__Data supplied__

+ + + + +

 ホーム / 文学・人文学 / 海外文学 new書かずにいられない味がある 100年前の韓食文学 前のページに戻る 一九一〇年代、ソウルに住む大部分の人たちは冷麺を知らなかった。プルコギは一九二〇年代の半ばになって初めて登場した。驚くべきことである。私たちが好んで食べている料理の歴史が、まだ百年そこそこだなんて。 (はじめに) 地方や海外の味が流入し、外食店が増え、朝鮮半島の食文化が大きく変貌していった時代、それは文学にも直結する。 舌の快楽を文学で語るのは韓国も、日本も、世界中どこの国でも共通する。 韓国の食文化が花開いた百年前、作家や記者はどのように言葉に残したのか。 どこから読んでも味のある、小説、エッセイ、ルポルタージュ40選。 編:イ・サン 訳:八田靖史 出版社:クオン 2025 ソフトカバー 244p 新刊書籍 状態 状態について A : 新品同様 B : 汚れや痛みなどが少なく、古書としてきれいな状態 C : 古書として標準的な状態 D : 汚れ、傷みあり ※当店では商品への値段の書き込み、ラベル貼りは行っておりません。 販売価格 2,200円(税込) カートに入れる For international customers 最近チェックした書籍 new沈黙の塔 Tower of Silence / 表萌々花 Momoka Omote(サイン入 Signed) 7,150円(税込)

+ + + + +

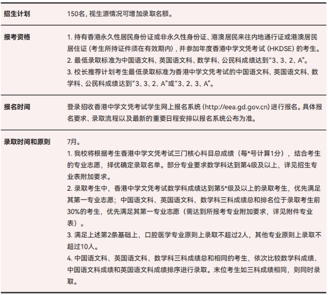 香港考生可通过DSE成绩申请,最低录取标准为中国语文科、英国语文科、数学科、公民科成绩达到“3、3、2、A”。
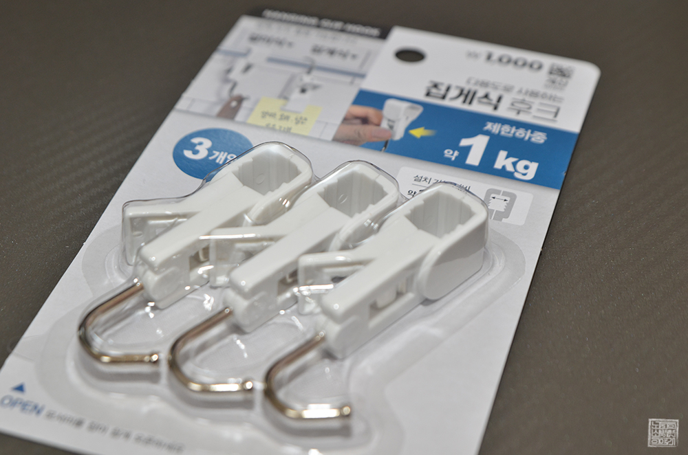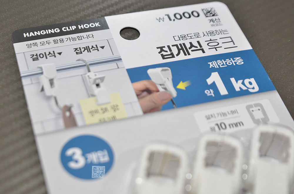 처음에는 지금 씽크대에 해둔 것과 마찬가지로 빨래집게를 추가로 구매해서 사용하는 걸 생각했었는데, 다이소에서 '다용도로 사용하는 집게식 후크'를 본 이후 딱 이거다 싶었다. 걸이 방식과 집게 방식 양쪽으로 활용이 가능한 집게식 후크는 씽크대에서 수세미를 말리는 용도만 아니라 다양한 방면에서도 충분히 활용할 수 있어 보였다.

+ + + + +

__Action item__
Range to print from the listing above: from the line with "香港考生可通过DSE成绩申请" up to and including the line with "처음에는 지금 씽크대에". Please print those lines exactly, with no pictures and nothing more.

__Answer to this task__
 香港考生可通过DSE成绩申请,最低录取标准为中国语文科、英国语文科、数学科、公民科成绩达到“3、3、2、A”。
 처음에는 지금 씽크대에 해둔 것과 마찬가지로 빨래집게를 추가로 구매해서 사용하는 걸 생각했었는데, 다이소에서 '다용도로 사용하는 집게식 후크'를 본 이후 딱 이거다 싶었다. 걸이 방식과 집게 방식 양쪽으로 활용이 가능한 집게식 후크는 씽크대에서 수세미를 말리는 용도만 아니라 다양한 방면에서도 충분히 활용할 수 있어 보였다.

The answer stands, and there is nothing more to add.